Value Merchants: Demonstrating and Documenting Superior Value in Business Markets by James C. Anderson;Nirmalya Kumar;James A. Narus

Value Merchants: Demonstrating and Documenting Superior Value in Business Markets by James C. Anderson;Nirmalya Kumar;James A. Narus

Author:James C. Anderson;Nirmalya Kumar;James A. Narus
Language: eng
Format: mobi
Published: 2009-04-16T17:52:00+00:00


New elements that also are likely candidates for inclusion in the standard offering are those for which (1) most of the costs are incurred in their initial development or deployment; (2) continuing costs vary relatively little over the number of customers actually using the element; or (3) usage of the element in some way reduces the supplier's own costs.
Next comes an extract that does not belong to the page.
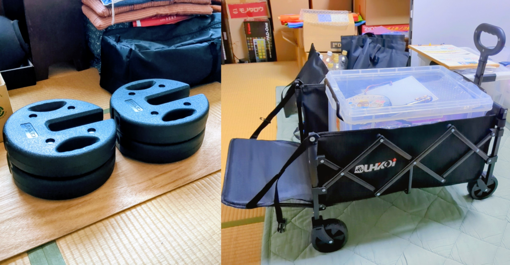 写真左のテントの重りは 6kg×4=24kg です。これが家に届いた時に「重っ!」ってなって、やっぱりカートも買っとこかぁと思いました。どうせ彦根のマルシェでも必要やし。

Introduce as a value-added option. Offering new elements separately provides value-added options for customers that seek them and allows suppliers to readily gauge interest in new services, programs, and systems. For example, although R.R. Donnelley's traditional business has focused on printing, binding, film preparation, and prepress work, its management believes that future growth and profits will come from innovative services, such as database management, consulting and training, dimensional and talking ads, direct marketing, layout systems, and mapping services. To test their viability in the marketplace, Donnelley has offered these services as value-added options.

Break Away from the Pack

In our management practice research, a number of managers wistfully expressed a desire for change but were concerned about what competitors would do. These managers believed their competitors were looking to improve profitability too but that they wouldn't match a move to make more flexible market offerings. In addition, these managers had timing and discipline concerns. Before taking up these last two concerns, though, we consider breaking away as a means of countering competitors' dubious parity claims.
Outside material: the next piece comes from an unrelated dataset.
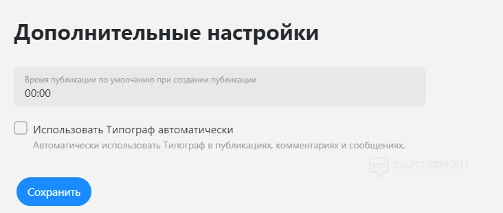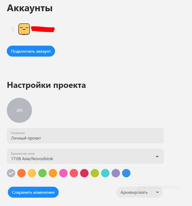 В этом разделе можно подключить новый аккаунт, настроить проект (поменять название и установить временную зону), выбрать цвет для аватара и провести дополнительные настройки (включить или отключить Типограф).
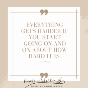 Instead, choose to be mindful and intentional with your mindset. Instead of “I have to weed the garden, and I just want to relax. I’m so tired.” Change your mindset to, “I get to weed the garden. I’m so glad I finally took the time to start it. I love how fresh tomatoes are so much better than store-bought.” Instead of, “We have no money to start this project, and this is awful,” choose to look into frugal gardening ways, and focus on how this challenge strengthens family values related to problem-solving and frugality.

One way to break away from the pack (which also works for services included in the standard offering) is to guarantee outcomes based on the service. The larger and more complicated the list of services a firm markets, the more likely it is that competitors will claim, "We can do that." When this occurs, savvy marketers respond by transforming service claims into guarantees. For instance, when Okuma's competitors began to promise rapid delivery, Okuma announced its twenty-four-hour shipment guarantee. If a customer orders a part and it is not shipped in twenty-four hours, the customer gets the part for free. Greif Inc. takes the guarantee one step further, introducing a guaranteed cost-savings program. If a customer requests that it be given a 5 percent price cut, the division guarantees to find at least a 5 percent cost savings. This is formalized into a written contract. If the customer doesn't realize the 5 percent savings, Greif agrees to pay the difference. If more than 5 percent of savings is found, the customer gets to keep it all. To date, Greif has had no problem delivering as guaranteed. Furthermore, managers find that it's a great way to turn discussions away from price.